Cache-Aside (Lazy Loading)
Cache-aside is the most common caching strategy available. It checks the cache first to determine whether the data is available. If the data is available (a cache hit), the cached data is returned otherwise (a cache miss), the database is queried for the data. The cache is then populated with the data and the data is returned to the caller.
In this approach, the cache contains only data that the application actually requests, which helps keep the cache size small. But the response time for initial requests is greater due to the cache miss which leads to additional roundtrips to the cache and database.
In this approach, the cache is updated immediately following a database update. This approach is almost always implemented along with lazy loading. In this approach, the likelihood that data will be found in the cache is higher since the cache is in sync with the database. But the problem is that infrequently-requested data is also available in the cache which is not efficient.

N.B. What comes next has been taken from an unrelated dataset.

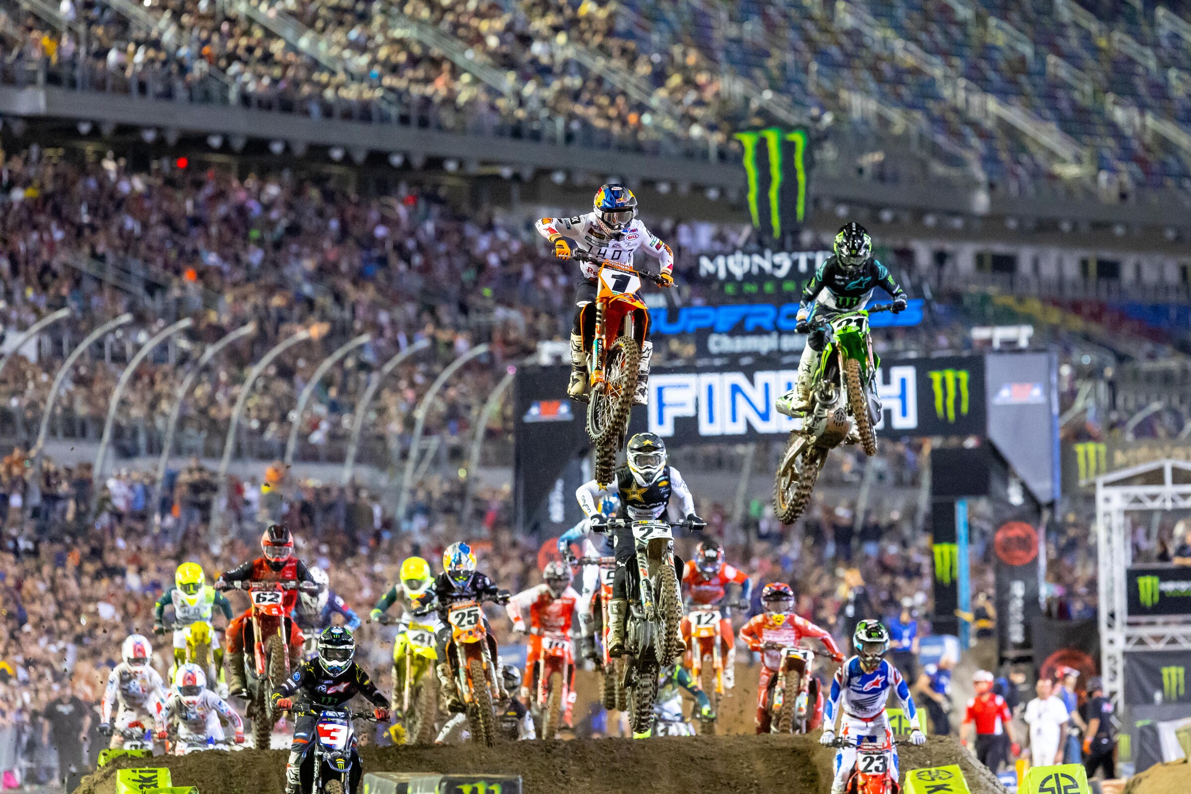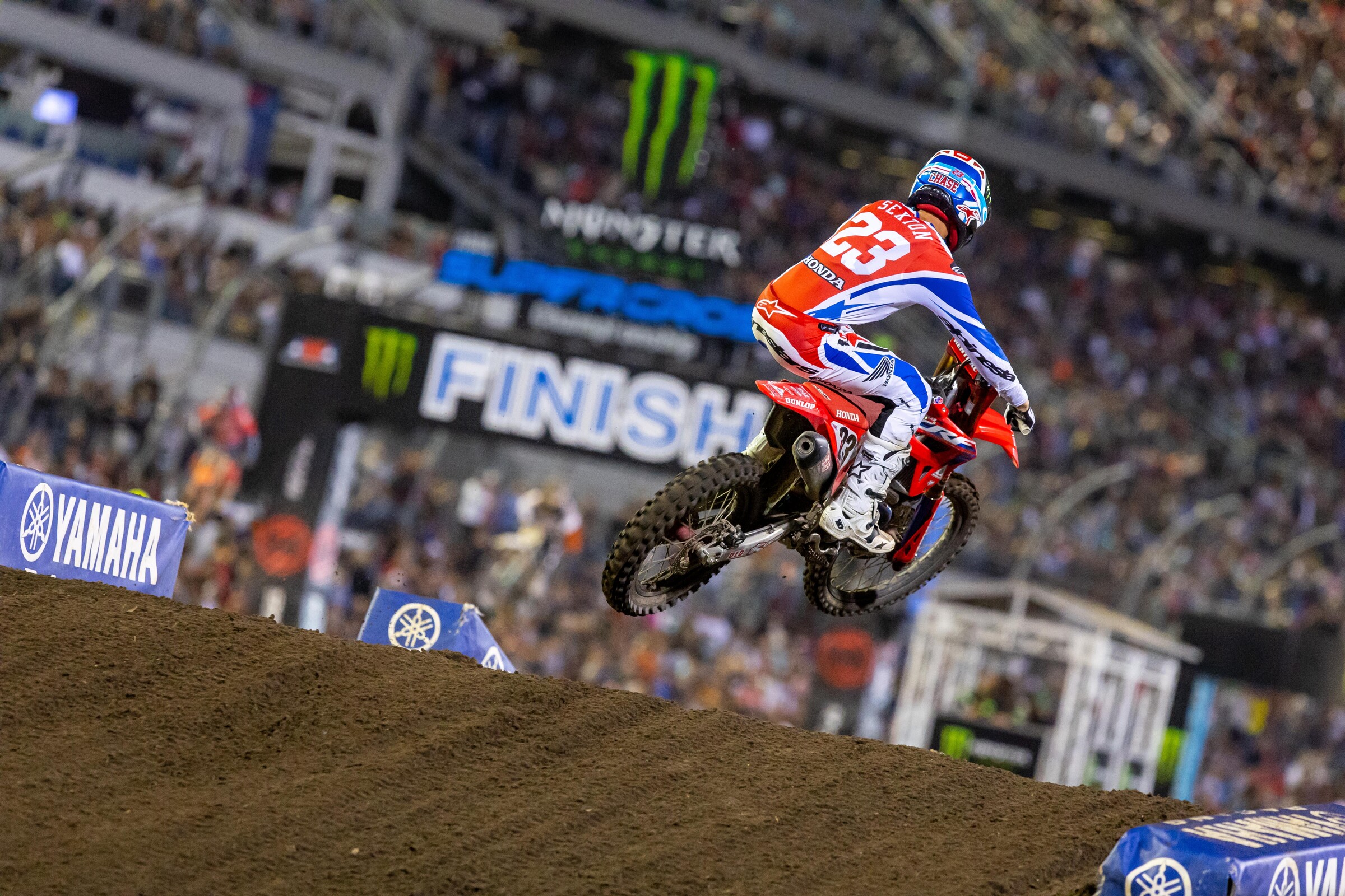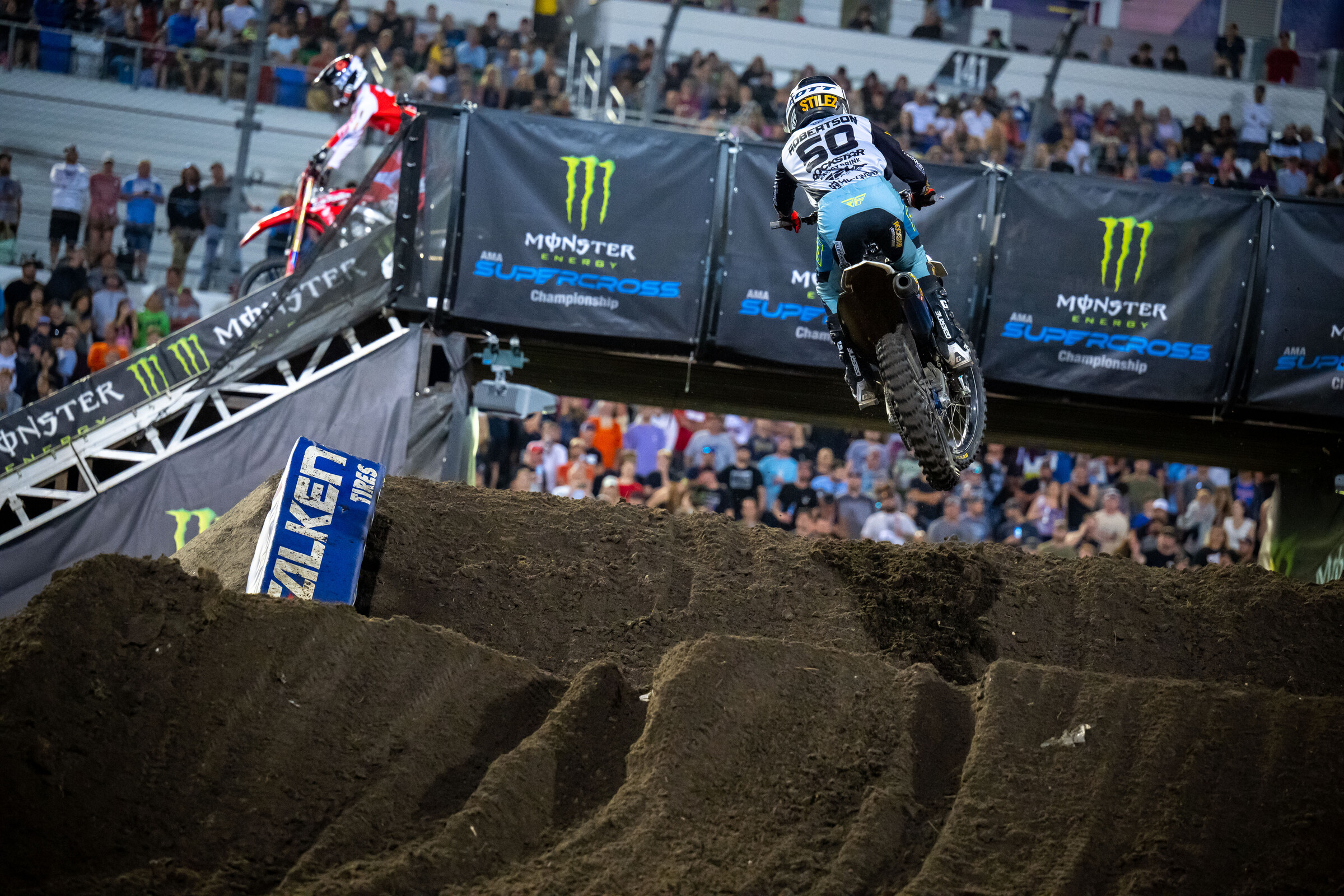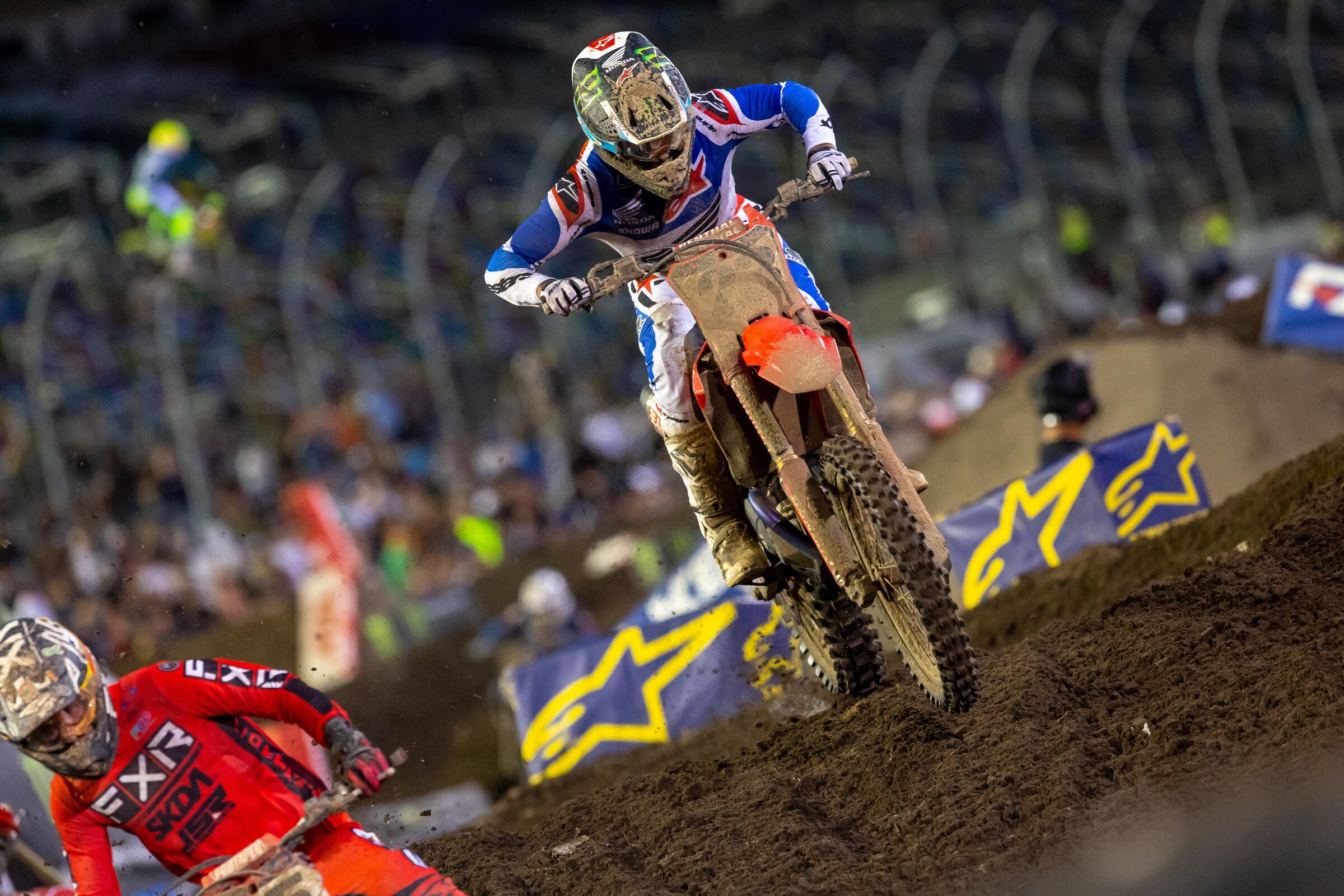 Definitely. Every supercross breaks down late in the race and that’s something I’ve had to adapt to from the little bike to the big bike. I feel like I’ve done a better job of that this year. This race in particular, the track is just really gnarly. Like Eli said, the jump before the tunnel, there was nothing there on the face and it was a big rut. It was a gnarly track. The finish line section was a pretty big rhythm and it had ruts all the way across. I felt like I had to adapt, and I didn’t adapt well enough. Just kind of go back to this week and try and get better, but we’re back to normal supercross next weekend. It's definitely a different animal, this track.

Redis is an in-memory dictionary for super-fast read-and-write caching and data storage. Because it stores the data in RAM it can handle millions of data in less than 1 millisecond. The problem with storing data in RAM is that if the system reboots we lose data. For addressing this issue they've introduced two approaches for persisting data in hard disk or network storage.
RDB stands for Redis Database Backup takes snapshots of the data periodically and every once in a while it dumps all the data in the RAM into hard in a compressed format. The rule for dumping data could be based on the time or amount of changed data.
AOF stands for Append Only File and it appends the data to a log file every second or with every change in the data or when the OS is free. The problem with this approach is that it leads to a large log file since it only adds to a file and the log file becomes large over time.
Redis reconstructs the data from the log file or dump file while starting up and automatically stores the data in RAM on disk while shutting down the service. The RDB approach is faster but in the worst case, we might lose the data between snapshots. With AOF we can lose data too but because the gap between saving data is smaller it is more reliable for persistent data.